It was the fallout everyone feared from the subprime-induced liquidity crunch: a virtual shutdown of the LatAm debt capital markets. Or was it? After Usiminas and Petrobras poked through a January window opened by sovereigns Mexico and Colombia, no large dollar issues – beyond short-term deals and private placements from Brazilian banks – were rolled out until May.

But was this through lack of access or lack of need? Dedicated LatAm fund flows suggest that the money is piling up for cross-border bond issuers, provided they are willing to pay the new higher going rates. However, analysts say many of them are sitting pretty, or have access to alternative sources of funds.

High-yield names like Mexican auto parts maker Sanluis and Dominican resort CapCana were rejected last year. And investment grade names like Petrobras have also failed to get their price targets. But they can afford to wait owing to prudent management of balance sheets during more liquid times. In many cases, debt available from strengthening local markets has carried issuers over during the first half.

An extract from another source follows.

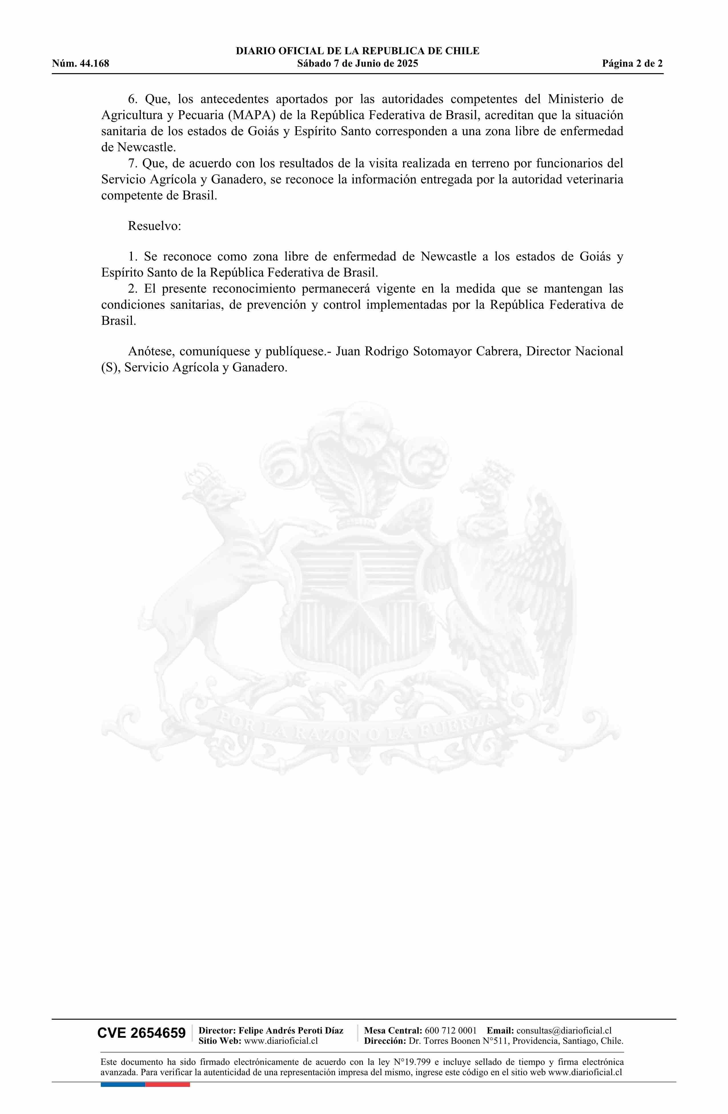 | Título: | Resolución exenta número 3.818, de 2025.- Reconoce como zona libre de enfermedad de Newcastle a los Estados de Goiás y Espírito Santo de la República Federativa de Brasil |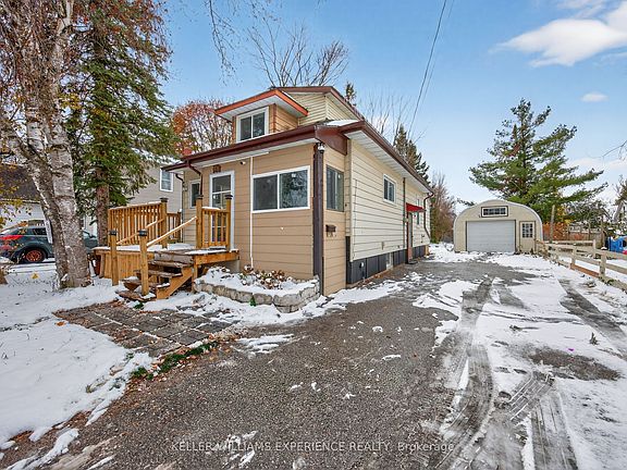 Welcome to 129 Dunlop Street, a charming 1 1/2 storey home set on a deep lot in beautiful Orillia. This well-kept property offers exceptional flexibility with a main living area plus a convenient rear secondary living space, ideal for extended family, multi-generational use, or income potential.The main portion of the home features an inviting mudroom, a spacious eat-in kitchen, three bedrooms, and a full 3-piece bath with a walk-in shower. The rear second unit adds additional versatility with its own kitchen, 3-piece bathroom, cozy living room with walkout to the deck, and a comfortable bedroom. This practical layout provides separation and privacy while maintaining an easy flow throughout the home.Outside, enjoy the large level backyard, perfect for gardening, play, and outdoor entertaining. A detached garage and private double drive provide extensive parking. Located close to the hospital, beaches, parks, library, and recreation centre, this home offers convenience and lifestyle in a family-friendly neighbourhood.Ideal for first-time buyers, investors, or those looking to generate supplementary income, this property delivers comfort, utility, and great potential.

“Companies have taken advantage of good times and worked on their balance sheets,” says Robert Schmieder, EM analyst and managing director at Bear Stearns. “That there is a credit crunch does not mean these companies can’t find money somewhere else.” He cites local markets, export financing deals and private placements among viable options. And a 2007 Bear Stearns survey of balance sheets and debt profiles of almost 75 LatAm corporate issuers shows that few companies would have difficulty with refinancing in 2008.

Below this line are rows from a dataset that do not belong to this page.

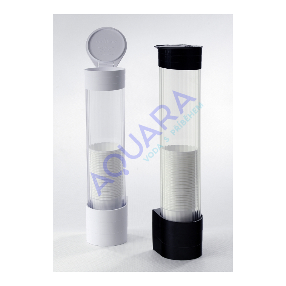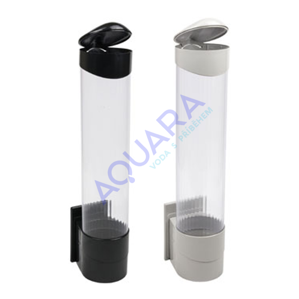 Zásobník na kelímky ve 3 barevných variantách, který se připevňuje na výdejník z boku. Vrchní a spodní část tubusu na kelímky je z barevného plastu a tělo je z průhledného plastu.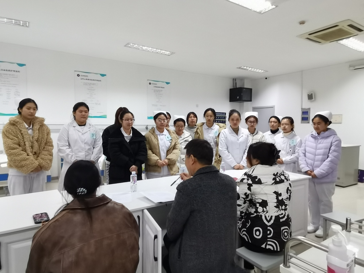 经过近一个半小时的紧张比拼,12位选手全部完成了决赛项目的考核。在所有选手比赛结束后,大赛组委会组织了集中的点评环节。各位评委老师从不同维度对选手们的整体表现进行了全面而深入的剖析与总结。於学良副院长从赛事组织、技能标准对接及选手综合素养提升等方面进行了宏观指导;王亚兰、陈顺娟、徐盼盼等评委老师则分别从操作流程的规范性、照护过程中的人文关怀体现、与“老人”沟通的有效性、突发事件处理的合理性以及细节把握等多个具体方面,对选手们的表现进行了细致点评,既肯定了选手们在比赛中展现出的亮点与进步,也中肯地指出了存在的不足和改进方向,使在场选手和观摩学生受益匪浅。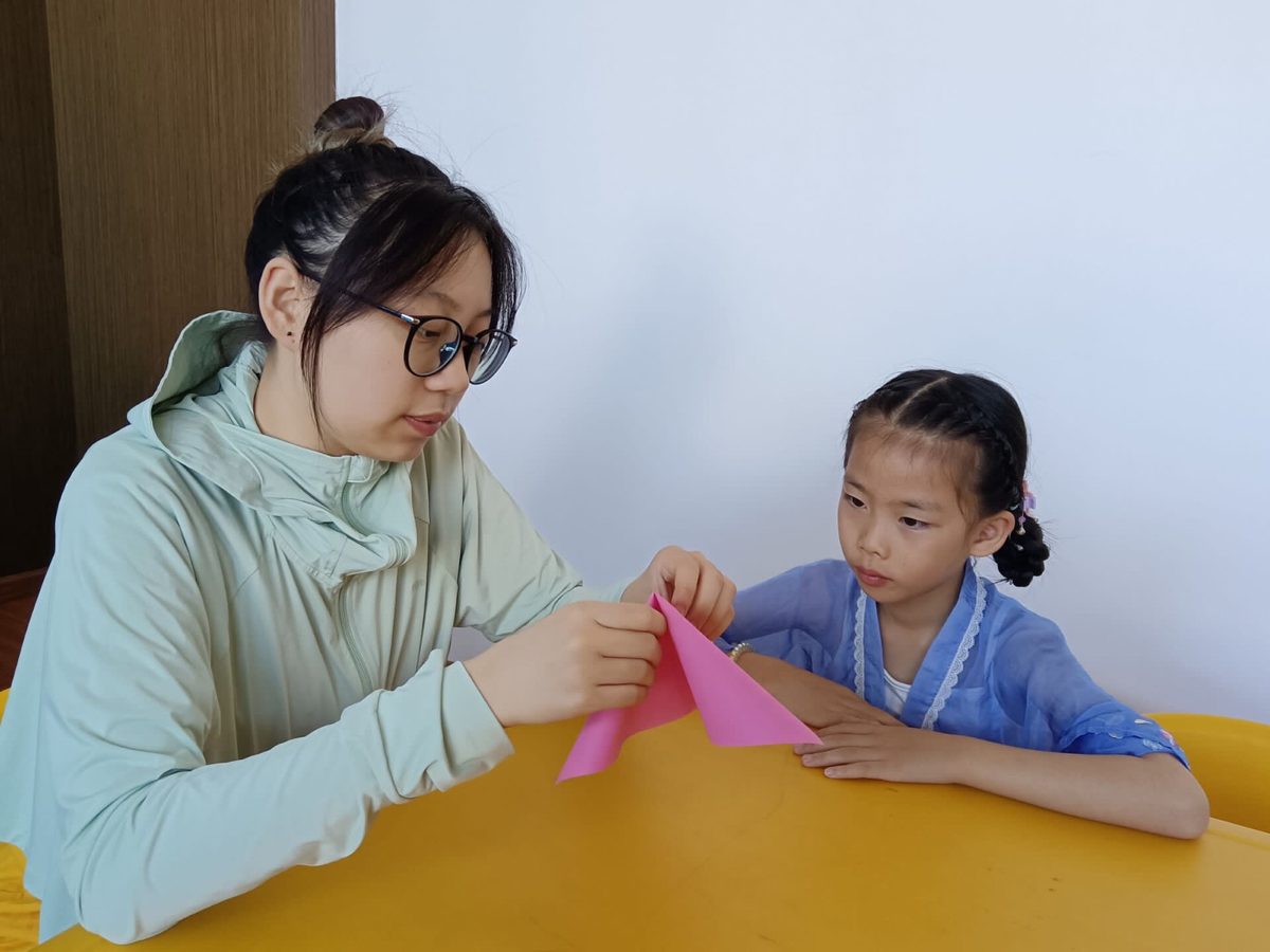 (图为志愿者教学生折纸)

“By and large issuers are comfortable,” concurs James Harper, director of corporate research at BCP Securities, speaking of the LatAm private sector.

Floodgates Reopen
Issuers returned in earnest during May. Mexico’s Televisa led off with a $500 million 10-year via HSBC and JPMorgan. Brazilian steelmaker Gerdau followed with a $500 million tap of its well-trading 2017s through ABN AMRO, HSBC and JPMorgan, after the Brazilian sovereign did a similar $500 million retap the day before.

More surprisingly, Brazilian beef exporter Independência reopened high-yield with a B2 rated $300 million 2015 issue via Santander and Banco Real. Others will surely follow. But what is striking is the number of companies that do not have urgent needs.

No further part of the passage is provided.